Об интересных случаях использования электронных устройств против их владельцев поведал сайт Forbes.com.

В 2001 году Федеральное бюро расследований США, заручившись разрешением суда Невады, обратилось к компании ATX Technologies за содействием в перехвате разговоров в интересующем спецслужбу частном автомобиле. Дело в том, что компания ATX Technologies – разработчик и оператор вспомогательных автомобильных систем, которые, в частности, позволяют автолюбителю запросить помощь в случае дорожного происшествия.

Как следует из судебных документов, компания запрос удовлетворила. К сожалению, технические подробности перехвата опубликованы не были, кроме разве что требования ФБР касательно того, что процедура прослушки должна минимально влиять на «услуги, предоставляемые лицу или лицам, чьи переговоры подлежат перехвату».

Впрочем, специфика услуг ATX Technologies позволяет предположить, что прослушка осуществлялась через линию экстренной связи, а микрофон в машине активировался удаленно.

Еще одна похожая история произошла в 2007 году в Луизиане. И снова в центре событий оказалась прослушка салона автомобиля через экстренную связь службы OnStar. Правда, на сей раз кнопку вызова службы спасения, скорее всего, случайно нажал водитель или пассажир автомобиля.

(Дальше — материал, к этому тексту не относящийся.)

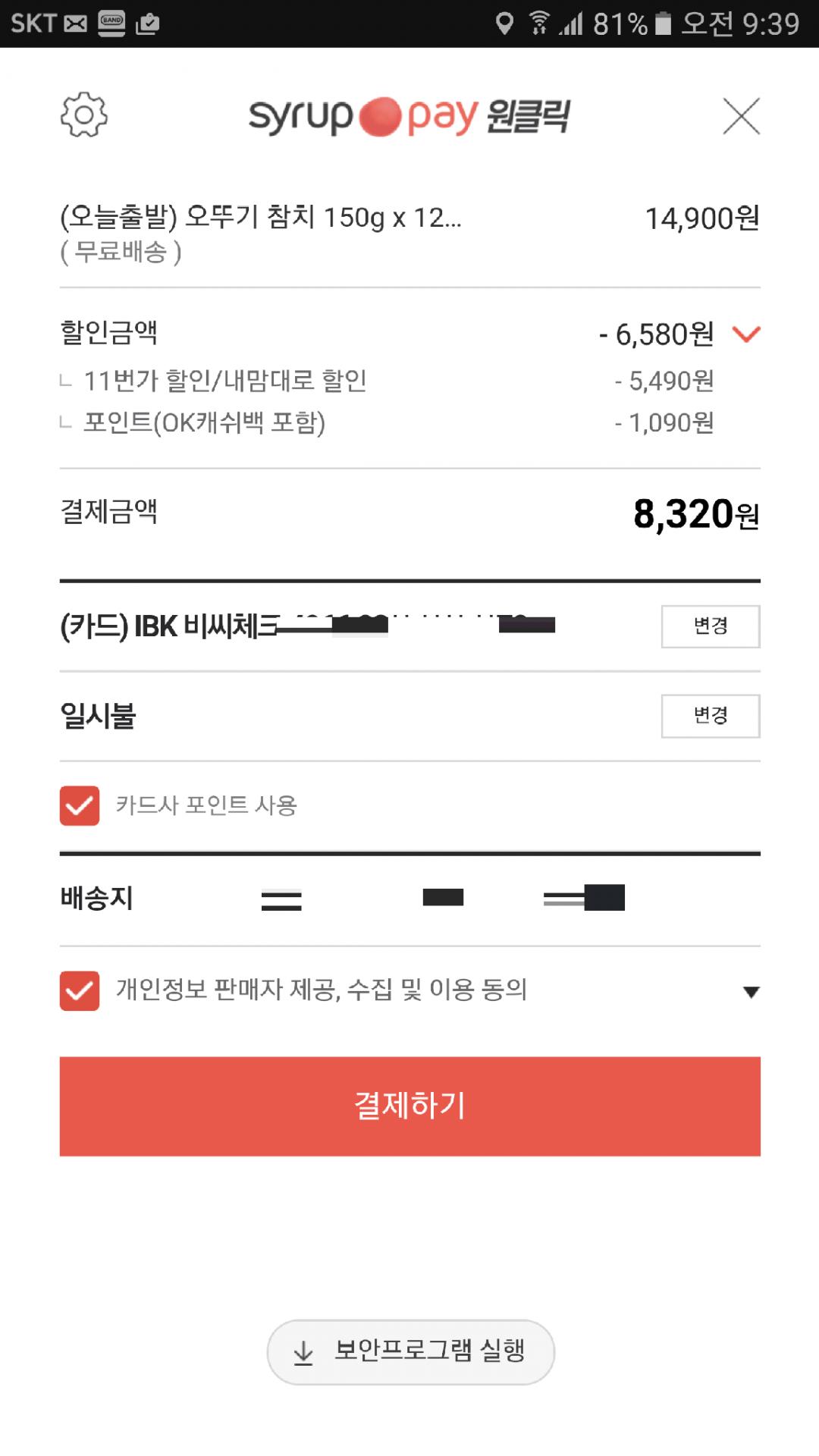 결제하려보니 오케이캐시백 할인도 되서 해봤더니

Диспетчер службы OnStar ответила на вызов, но, не получив ответа, оповестила об инциденте полицию (координаты автомобиля оператор, конечно, тоже видит в реальном времени).

Вновь попытавшись пообщаться с «потерпевшими», диспетчер услышала их разговор, подозрительно похожий на заключение наркосделки. Диспетчер дала послушать беседу офицеру полиции, а тот уведомил коллег, которые остановили машину и нашли в ней марихуану.

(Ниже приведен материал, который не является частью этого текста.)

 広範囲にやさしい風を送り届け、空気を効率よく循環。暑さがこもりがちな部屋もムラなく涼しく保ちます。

Защита водителя настаивала на незаконности прослушки, но суд с этим не согласился, поскольку перехват разговора не был инициирован полицией. К слову, подозреваемый приобрел машину с рук лишь за пару месяцев до описываемых событий и поэтому мог даже не знать о «спасательной» функции автомобиля. В итоге он был признан виновным и понес предусмотренное законом наказание за оборот запрещенных веществ.

Как не оказаться в эфире

Как показала прошедшая в январе в Лас-Вегасе выставка CES 2017, виртуальные ассистенты будут интегрированы во все подряд — от автомобилей до холодильников. Новые возможности виртуальных помощников наверняка создадут новые риски приватности, информационной и даже физической безопасности пользователей.

Напоминать производителям о том, что при разработке таких систем аспекты безопасности – это первый приоритет, мы даже не будем. А конечным пользователям дадим следующие рекомендации.

  1. Колонки Amazon Echo и Google Home можно «лишить слуха», отключив микрофон с помощью соответствующей кнопки на устройстве. Недостаток способа: всегда придется держать в голове необходимость «обезвредить» помощника.
  2. Покупки через Echo можно или вовсе запретить, или защитить паролем в настройках учетной записи.
  3. Антивирусная защита компьютеров, планшетов и смартфонов уменьшает риск любых утечек, не позволяя злоумышленникам хозяйничать на вашем устройстве.
  4. Пользователям Amazon Echo, имя которых созвучно с именем Alexa, стоит поменять слово, на которое отзывается помощник. В противном случае любой разговор в присутствии электронного ассистента превратится в сущее мучение.
Вход там, где выход (вместо эпилога)

И вот, вы вроде бы обезопасились: заклеили камеры на ноутбуках, накрыли подушкой смартфон, убрали в коробку колонку Echo. Отключили все аудиогарнитуры, выпаяли все микрофоны в доме и говорите шепотом. У нас для вас плохие новости: вас все равно могут прослушать.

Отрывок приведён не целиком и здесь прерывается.